> [Work request] Ignore the pictures in the data below and set down exactly the lines from its first line through the line containing "കേരളം യോഗേഷ് ഗുപ്തയെ".

Top of Material to process

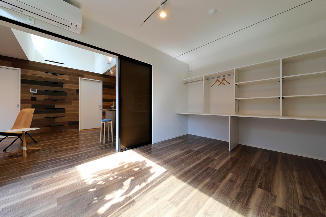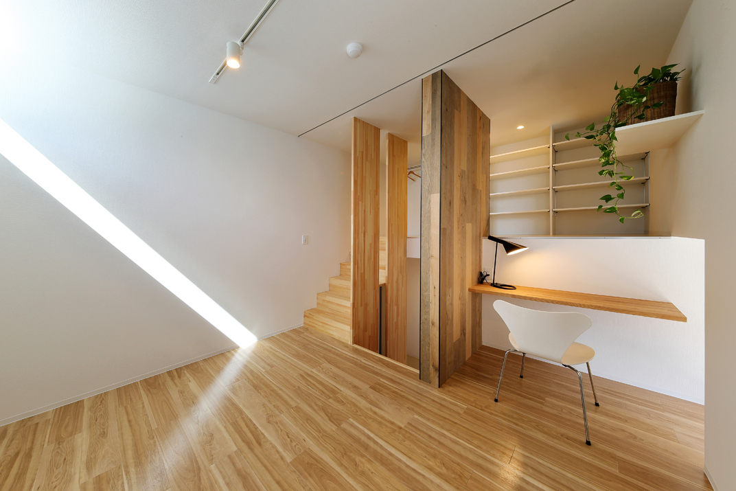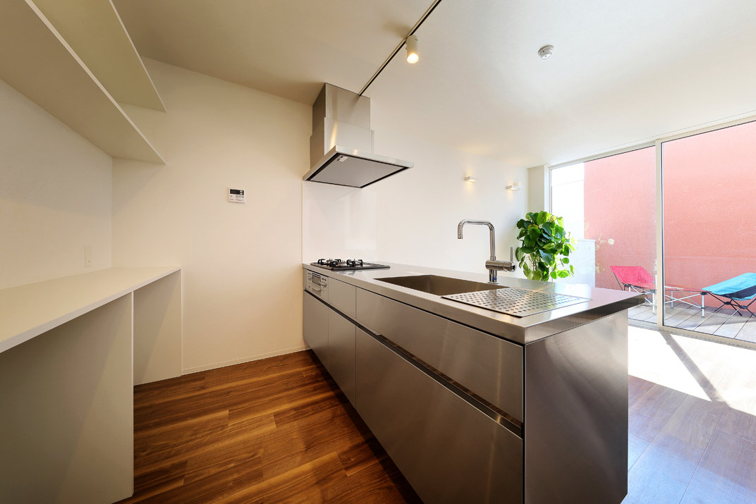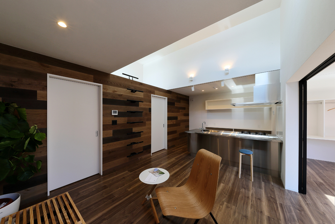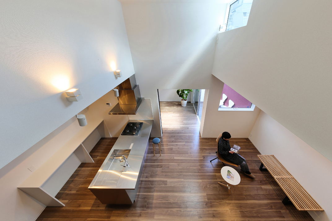 住戸の計画については南北に長い建物形状で採光を確保しつつ、商業施設の上階ながらもプライバシーが確保された空間を目指した。構造とのバランスで大小様々なテラスを計画することで南の採光を取り入れる工夫をしている。最上階ということもあり、賃貸では珍しい吹き抜け空間を提案した。このことによってBOXの凹凸のある外観を形成しているとともに採光・通風を確保できる開口部を計画できた。
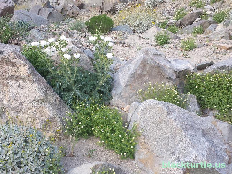 Wash Flowers - Rock daisy, prickly poppy, and brittlebush thriving in Isham side canyon.
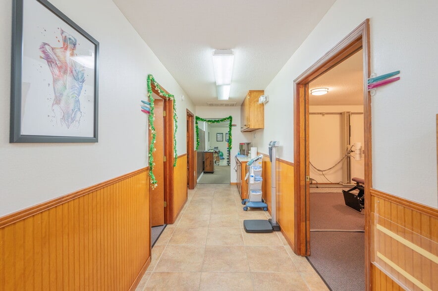 - Suite A includes private offices, multiple exam rooms with sinks, ADA compliant restroom, laundry room, and generous upstairs storage area.
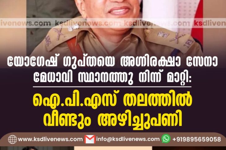 കേരളം യോഗേഷ് ഗുപ്തയെ അഗ്നിരക്ഷാ സേനാ മേധാവി സ്ഥാനത്തു നിന്ന് മാറ്റി: ഐ.പി.എസ് തലത്തില് വീണ്ടും അഴിച്ചുപണിSeptember 25, 2025
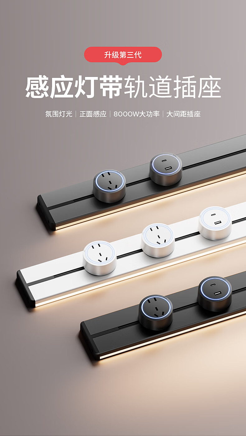 Inductive atmosphere lamp with track socket, no need to drill holes, freely movable plug-in board, household kitchen power supply, exposed socket, elegant white, exposed with sensor light bar, 50cm track + 3 five-hole adapters
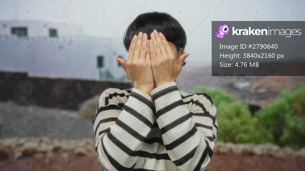 Woman outdoors playfully covering her face and sticking out tongue, wearing striped sweater with blurred natural and white building background indicating fun scenic environment. - Kraken Images
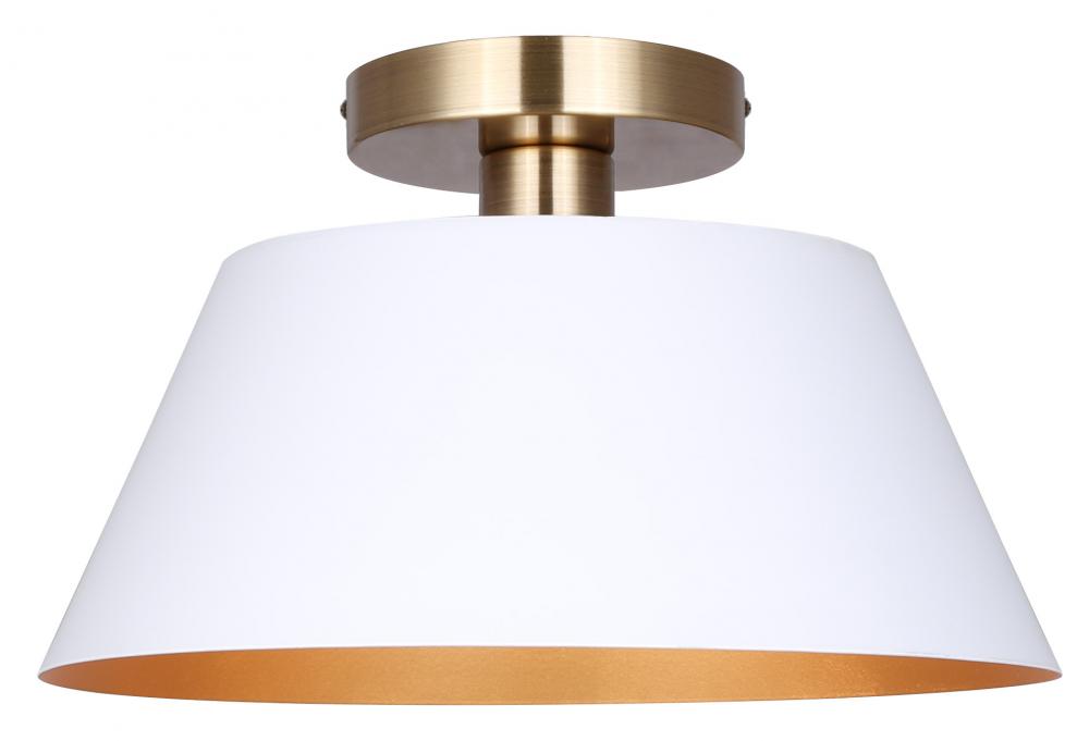 DAXTON 12.75 in. 1-Light 60-Watt Modern Semi-Flush Mount with Matte White Metal Shade
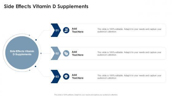 Introducing our well designed Side Effects Vitamin D Supplements In Powerpoint And Google Slides Cpb This PowerPoint design presents information on topics like Side Effects Vitamin D Supplements As it is predesigned it helps boost your confidence level. It also makes you a better presenter because of its high quality content and graphics. This PPT layout can be downloaded and used in different formats like PDF, PNG, and JPG. Not only this, it is available in both Standard Screen and Widescreen aspect ratios for your convenience. Therefore, click on the download button now to persuade and impress your audience. Our Side Effects Vitamin D Supplements In Powerpoint And Google Slides Cpb are topically designed to provide an attractive backdrop to any subject. Use them to look like a presentation pro.
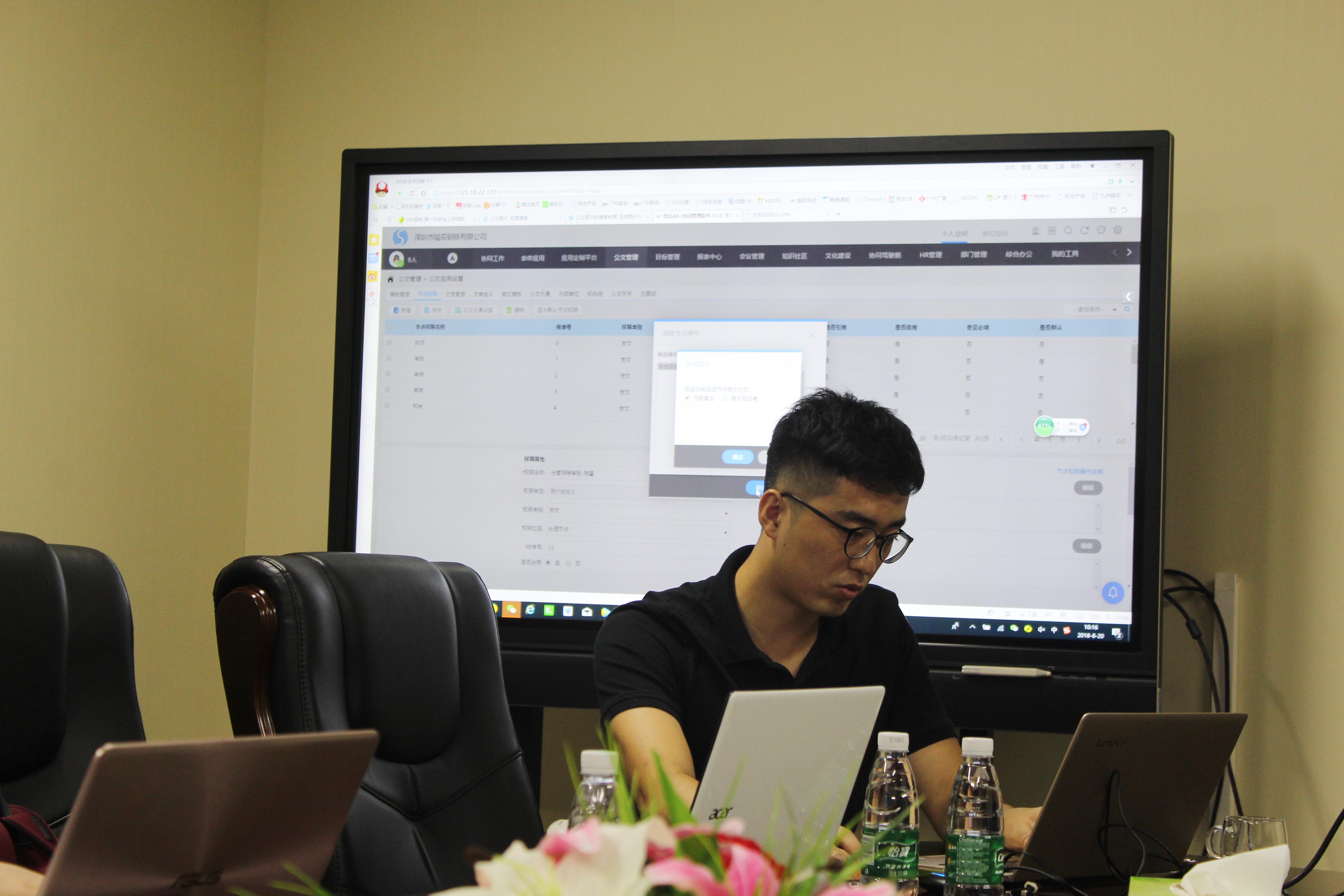 根據(jù)集團(tuán)OA系統(tǒng)上線的時(shí)間安排及培訓(xùn)要求,我公司對(duì)全體OA系統(tǒng)管理人員在2018年8月6日至22日進(jìn)行了為期11天的OA系統(tǒng)操作培訓(xùn)。凱聯(lián)方兩位負(fù)責(zé)人對(duì)我公司全體參訓(xùn)人員進(jìn)行系統(tǒng)運(yùn)行的全面講解,詳細(xì)介紹了OA辦公系統(tǒng),講解系統(tǒng)的登錄、協(xié)同工作、CAP4業(yè)務(wù)生成器、知識(shí)社區(qū)、綜合辦公應(yīng)用等并逐一進(jìn)行演示。在培訓(xùn)過程中,凱聯(lián)方人員就OA系統(tǒng)操作與全體參訓(xùn)人員進(jìn)行了充分交流并解答同事們提出的各種問題。這次培訓(xùn)針對(duì)全體系統(tǒng)管理人員采取了培訓(xùn)考核并逐一檢查的方式,確保參訓(xùn)人員真正掌握OA系統(tǒng)操作,確保系統(tǒng)于9月份開始陸續(xù)實(shí)施的計(jì)劃順利進(jìn)行。

Bottom of Material to process

> [Completed exercise]
 住戸の計画については南北に長い建物形状で採光を確保しつつ、商業施設の上階ながらもプライバシーが確保された空間を目指した。構造とのバランスで大小様々なテラスを計画することで南の採光を取り入れる工夫をしている。最上階ということもあり、賃貸では珍しい吹き抜け空間を提案した。このことによってBOXの凹凸のある外観を形成しているとともに採光・通風を確保できる開口部を計画できた。
 Wash Flowers - Rock daisy, prickly poppy, and brittlebush thriving in Isham side canyon.
 - Suite A includes private offices, multiple exam rooms with sinks, ADA compliant restroom, laundry room, and generous upstairs storage area.
 കേരളം യോഗേഷ് ഗുപ്തയെ അഗ്നിരക്ഷാ സേനാ മേധാവി സ്ഥാനത്തു നിന്ന് മാറ്റി: ഐ.പി.എസ് തലത്തില് വീണ്ടും അഴിച്ചുപണിSeptember 25, 2025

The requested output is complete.